Data Pipeline for your Python projects

Project description

Python Data Pipeline

Process any type of data in your projects easily, control the flow of your data!

Python 3.5, 3.6, 3.7 PyPI version


Installation

Install smart-pipeline with:

pip install -U smart-pipeline

Usage

Package 'smart_pipeline' provides a Pipeline class:

# Import Pipeline class
from smart_pipeline import Pipeline

# Create an instance
pl = Pipeline()

Pipeline class has 3 types of pipes: item, data and stat.

Item pipe modifies each item in dataset without changing the whole population of data:

data = [1,2,3,4,5]

# Define an item function
def addOne(item):
    return item + 1

# Adds function into pipeline
pl.addItemPipe(addOne)
# Pass the data through pipeline
res = pl(data)

# res = [2,3,4,5,6]

Data pipe is a filter:

data = [1,2,3,4,5]

def onlyOdd(item):
    return False if item%2==0 else True

pl.addDataPipe(onlyOdd)
res = pl(data)

# res = [1,3,5]

Stat pipe reduces over the data, passing the accumulated value to each element:

data = [1,2,3,4,5]

# Function that goes over all items in dataset
def countNumberStat(stats, item):
    stats["total"] += 1
    if item%2==0:
        stats["even"] += 1
    else:
        stats["odd"] += 1
    return stats

# Function to be called at the end with accumulated stats
def printNumberStat(stats):
    print(stats["total"], "items were processed in total.")
    print(stats["even"], "of them are even.")
    print(stats["odd"], "of them are odd")

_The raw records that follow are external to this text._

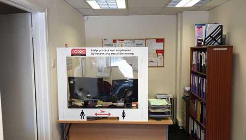From our brand-new COVID 19 Range, Rotec got in touch with Creative Solutions about providing some printed protective wraps which would be installed on the reception desk at their depot.
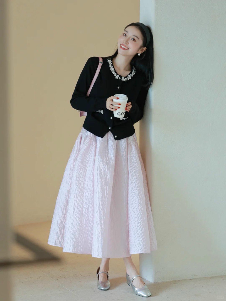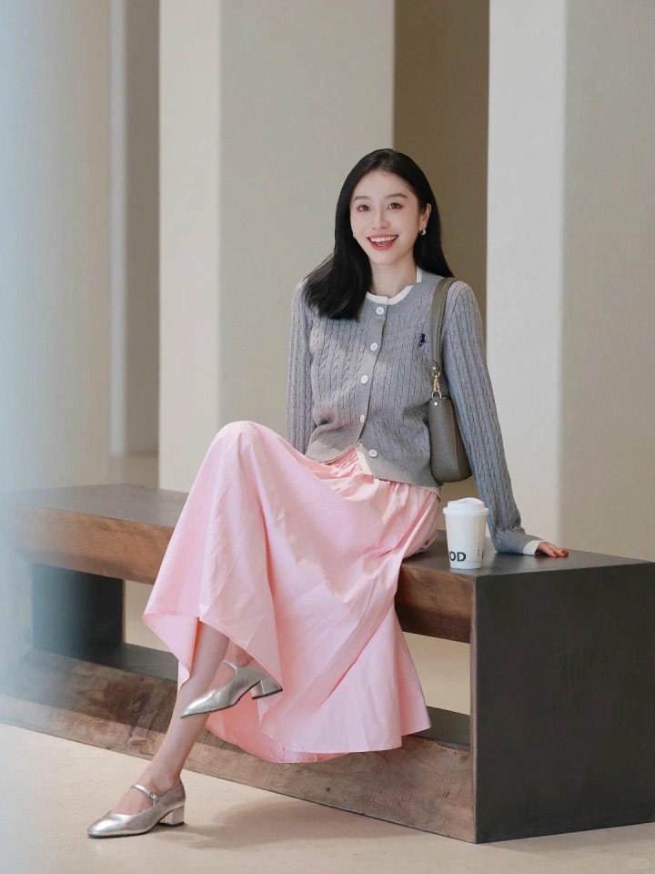 在初秋午后,她如窗前驻足的温婉女子,黑色开衫毛衣领口的花朵状珠宝,如夜空中闪烁的星辰,赋予造型华丽诗意。淡粉色长裙褶皱纹理似花瓣绽放,面料摇曳生姿,倾诉着职场女性的温柔。银色玛丽珍鞋闪耀,浅粉色包色调柔和,右手印着 “GO” 的纸杯,仿佛为其优雅前行助力。黑色发箍与小巧耳钉细节精巧,站在浅色墙边,她眉眼含笑,如春风拂面,诉说 “甜美即专业” 的职场美学。
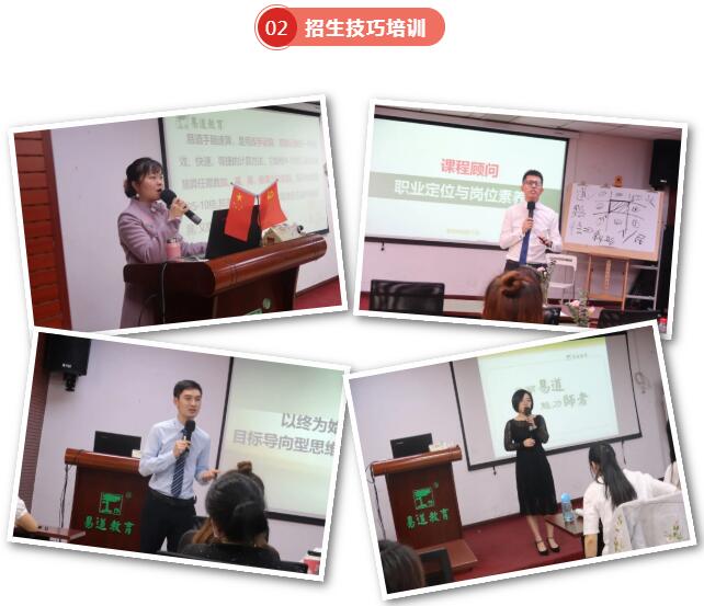易道師苑招生技巧培訓,導師為校區招生現場支招,講述課程顧問的處理技巧,做百戰百勝的招生能手。
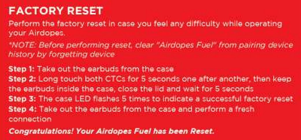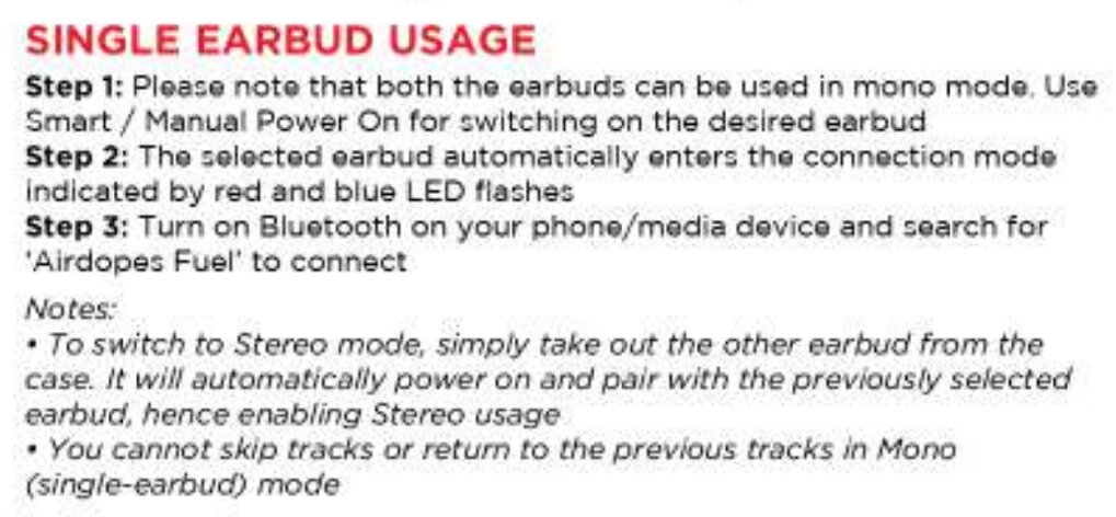 Home Audiophile Earbuds Manuals The boAt Airdopes Fuel earbuds come with specs such as up to 50 hours of total battery life using the charging case, ENx and Beast mode technology for Environment Noise Cancellation and Low Latency support, Bluetooth 5.3 and a working range of 10 meters, a charging time of only 40 minutes, the IPX4 dust and sweat-proof certification, and much more. Learn how to use these earbuds using this boAt Airdopes Fuel manual! If you are interested in purchasing these earbuds, you can easily do it using the boAt official website. Also, in case you are interested in giving the original manual a look, you can do it here. What's Inside ToggleboAt Airdopes Fuel Specs SheetboAt Airdopes Fuel AccessoriesboAt Airdopes Fuel Manual | Everything You Must Know!How To Control These Earbuds?How To Reset And Re-Pair These Earbuds?How To Wear These Earbuds?How To Turn On And Off?How To Pair The Earbuds? – Dual ModeHow To Pair The Earbuds? – Single ModeHow To Charge The Earbuds?What Do The Lights Mean?Do These Earbuds Have An App?Some Common Problems & TroubleshootingFAQs boAt Airdopes Fuel Specs Sheet ModelboAt Airdopes FuelWeightEarbuds and charging case: Around 45 gramsWaterproof/IP ratings IPX4Bluetooth version V5.3Range/Distance10 metersConnectivity Port/Charging CableType-CDriver 10mmSpeaker frequency response20Hz – 20kHzBattery Life Earbuds: Around 8 hours Charging case: About 42 hoursCharging Time Earbuds: Around 40 minutes Charging case: About 1.5 hoursApp Support NoControls/Features Play and pause a song, play the next and previous song, answer, end, and reject a call, Beast mode (low latency)Accessories Charging case, USB cable, user manual, warranty card, catalogue, FAQ card, sticker, ear tipsPriceAround 60 USD boAt Airdopes Fuel Accessories The earbuds come with the following accessories: Charging case. USB cable. User manual. Warranty card. Catalogue. FAQ card. Sticker. Ear tips. Credits: Mr LazyTech Credits: Mr LazyTech Credits: Mr LazyTech Credits: Mr LazyTech boAt Airdopes Fuel Manual | Everything You Must Know! How To Control These Earbuds? NOTE: The capacitive touch control is placed on the top part of the body of the earbuds. Play or pause a song: Press the capacitive touch control on any of the earbuds one time. Play the next song: While listening to music, press the capacitive touch control on the right earbud two times. Play the previous song: While listening to music, press the capacitive touch control on the left earbud two times. Answer an incoming call: Press the capacitive touch control on any of the earbuds one time. End a current call: Press the capacitive touch control on any of the earbuds two times. Reject an incoming call: Press and hold the capacitive touch control on any of the earbuds for about 2 seconds. Activate the voice assistant: Press and hold the capacitive touch control on the left earbud for about 3 seconds. Activate the Beast mode (low latency): Press and hold the capacitive touch control on the right earbud for about 3 seconds. Volume cannot be controlled via earbuds and can only be adjusted using the connected phone/media device. How To Reset And Re-Pair These Earbuds? NOTE: To ensure a good result, make sure that the earbuds are fully charged. Step 1: Go to the device’s settings. Step 2: Delete the Airdopes Fuel earbuds from the devices’ Bluetooth list. Step 3: Turn off Bluetooth on the device. Step 4: Take the earbuds out of the charging case. Step 5: Press and hold the capacitive touch control on both earbuds for about 5 seconds. This will reset the earbuds. Step 6: Place the earbuds into the charging case and close its lid. Wait for at least 5 seconds. A light will flash 5 times on the case, indicating a successful factory reset. Step 7: Turn on Bluetooth on the device. Step 8: Search for a new device. Step 9: Open the lid of the charging case. After that, the earbuds will turn on automatically and pair with each other. A red and blue light will start flashing on the primary earbud and a blue light will flash once every 5 seconds on the secondary one, meaning that they will be ready to pair with any device. Step 10: Select the Airdopes Fuel earbuds. If a password is needed, type “0000” or “1234”. After that, the pairing will be done. How To Wear These Earbuds? Step 1: Take both earbuds out of the charging case. Step 2: Identify the left and right earbuds. Step 3: Choose the ear tips that best suit your ears. Step 4: Insert the headphones into the inner canal of the ears. Step 5: Rotate for the best possible comfort and best fit, and make sure that the microphone is pointing to the mouth. How To Turn On And Off? Turn On Automatically: Open the lid of the charging case. After that, the earbuds will turn on automatically. Manually: Press the capacitive touch control on both earbuds for 3 seconds. After that, the earbuds will turn on. Turn Off Automatically: Place the earbuds into the charging case. After that, the earbuds will turn off automatically. Manually: Press the capacitive touch control on both earbuds for 5 seconds. After that, the earbuds will turn off. How To Pair The Earbuds? – Dual Mode To Android And iOS Devices Step 1: Open the lid of the charging case. After that, the earbuds will turn on automatically and pair with each other. A red and blue light will start flashing on the primary earbud and a blue light will flash once every 5 seconds on the secondary one, meaning that they will be ready to pair with any device. Step 2: Unlock the desired device. Step 3: Go to the device’s settings. Step 4: Turn on Bluetooth on the desired device. Step 5: Search for a new device. Step 6: Select the Airdopes Fuel earbuds. If a password is needed, type “0000” or “1234”. After that, the pairing will be done. To Windows (PC) Step 1: Turn on the Window’s Bluetooth. Step 2: Go to the settings. Step 3: Go to “Bluetooth and other devices”. Step 4: Click on “Add device”. Step 5: Click on Bluetooth. St
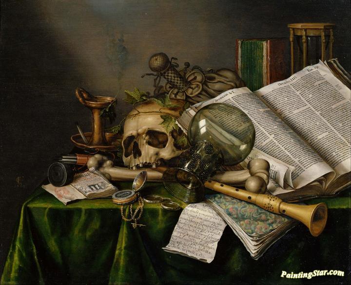 Still Life with Books and Manuscripts and a Skull, Art Painting by Edwart Collier
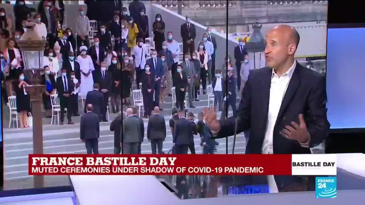 France celebrates Bastille Day in a scaled-down version with no parade in the Champs Élysées, but rather with a ceremony in Place de la Concorde, focusing on workers who fought the coronavirus pandemic in the front line. French president Emmanuel Macron is to give a special interview today and “he should give a lot of answers”, as FRANCE 24’s Douglas Herbert says.
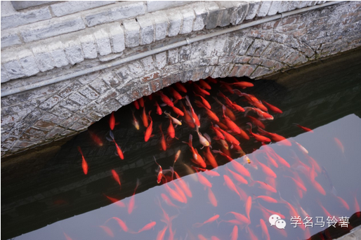 路上应是铺着青砖,随处可见的鲜花已不能算是点缀。步行街开始就有一池小鱼游曵于假山喷泉之间,一渠清水引下来,鱼儿也潜游其中。不到半米宽的水渠两旁坐满了人,享受着鱼儿的嬉戏,树荫带来的清凉,和带给内心的清静悠闲。行走中,原本的渠突兀地断掉,两座小池继承着水汽,也承载着小孩的欢乐。孩子们用力转动着驱动着小艇的杆,最逗的是见一个稚子因力量不够,只能双手费力地推动一边的杆,一会儿又推动另一边杆。或许他在困惑为什么艇不像其他人那样前行,不管怎样,他始终在原地打转。
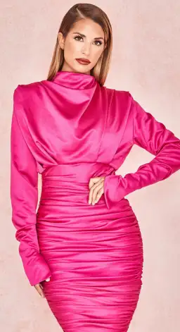 House of CB Giorgiana Satin Draped Mini Dress Hot Pink Size 6
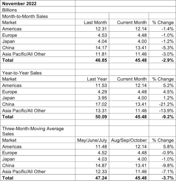 Three-month average of chip sales by geographic region for November and October 2022. Source: SIA/WSTS.
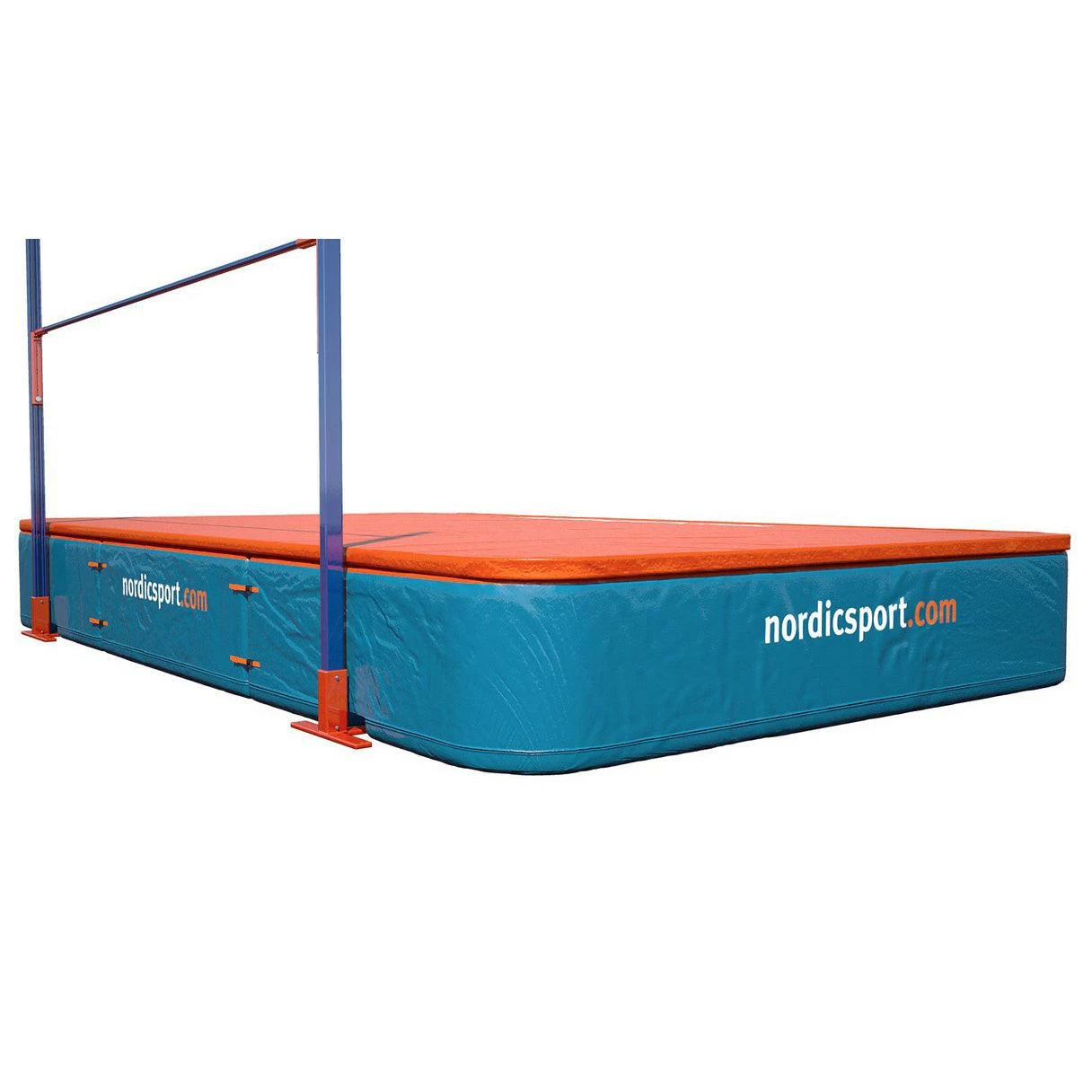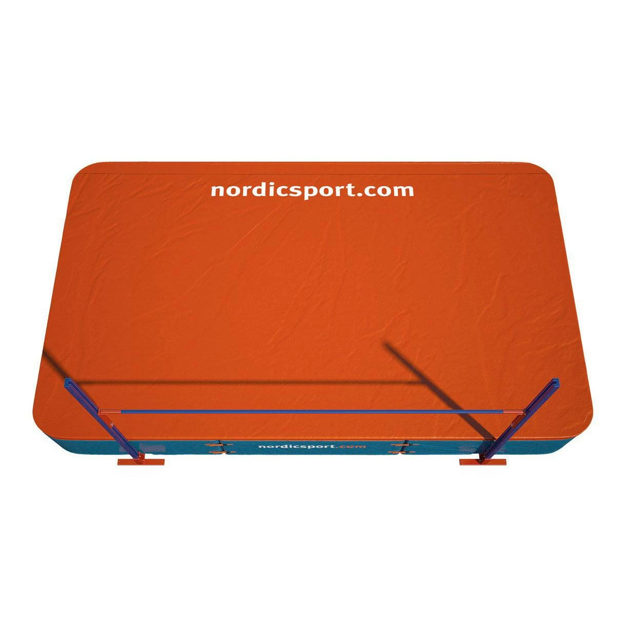 Competition pit consist of 3 base units with separate covers on all sections. Total size 6700 x 4000 x 800mm. The strong cover is made from armoured polyester net structure and the pit is filled with tunnel construction foam for safety and comfort. Reversible double-sided spike shoe protection wear pad. Weather cover is not included. World Athletics certified no E-99-0002.
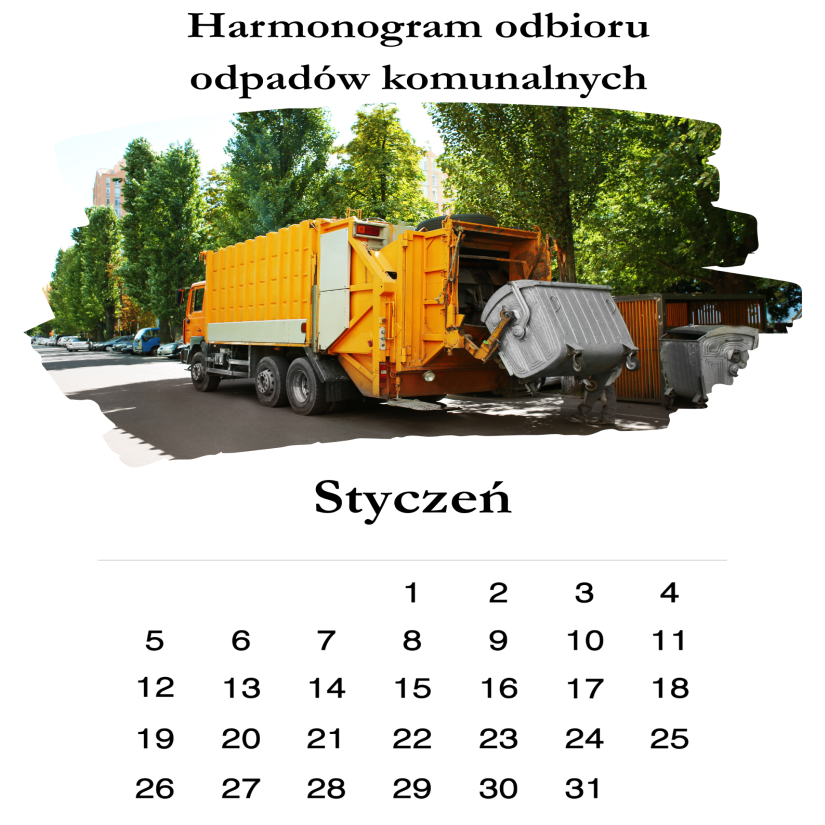 Harmonogram odbioru odpadów komunalnych na styczeń 2026 roku
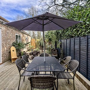 This quiet and secluded holiday cottage sleeps 6 people. It’s a wonderfully peaceful retreat along a rural quiet lane in Pentney. A hot tub, infrared sauna and music room are available should you wish, and outdoor dining with your own pizza oven is a must do!
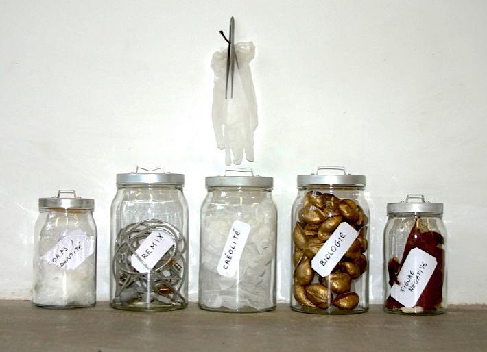Le jour de la performance, le public est attendu dans l’atelier aménagé en salon confortable avec moquette, coussins, canapés, éclairage tamisé, bouteilles d’eau. Pour fluidifier les débats et diversifier les points de vue, un panel d’une vingtaine de personnes est invité à l’avance à participer aux rencontres : artistes, philosophes, historiens, biologistes, médecins, enseignants, étudiants, juristes, économistes, chercheurs, etc. Le public est invité à se joindre à l’assemblée présente et à participer tout au long de la soirée. Le mur de l’atelier est préparé à recevoir des mots et remarques de l’assemblée. Il est recouvert de dessins (5 neurones dessinés autour d’un neurone central). Chaque neurone est signifié par un des thèmes définis. Les questions sont imprimées sur du papier et découpées en bandelettes. Elles sont insérées dans des bocaux de verre transparents contenant des matières symboliques reliées aux thèmes étudiés :

# Make sure to pass initial state as 3rd argument
pl.addStatPipe(countNumberStat, printNumberStat, { "total":0, "even":0, "odd":0 })
pl(data)

# Output:
# 5 items were processed in total.
# 2 of them are even.
# 3 of them are odd

Check out some examples


If this library solved some of your problems, please consider starring the project 😉

And feel free to create pull requests!

Project details


Download files

Download the file for your platform. If you're not sure which to choose, learn more about installing packages.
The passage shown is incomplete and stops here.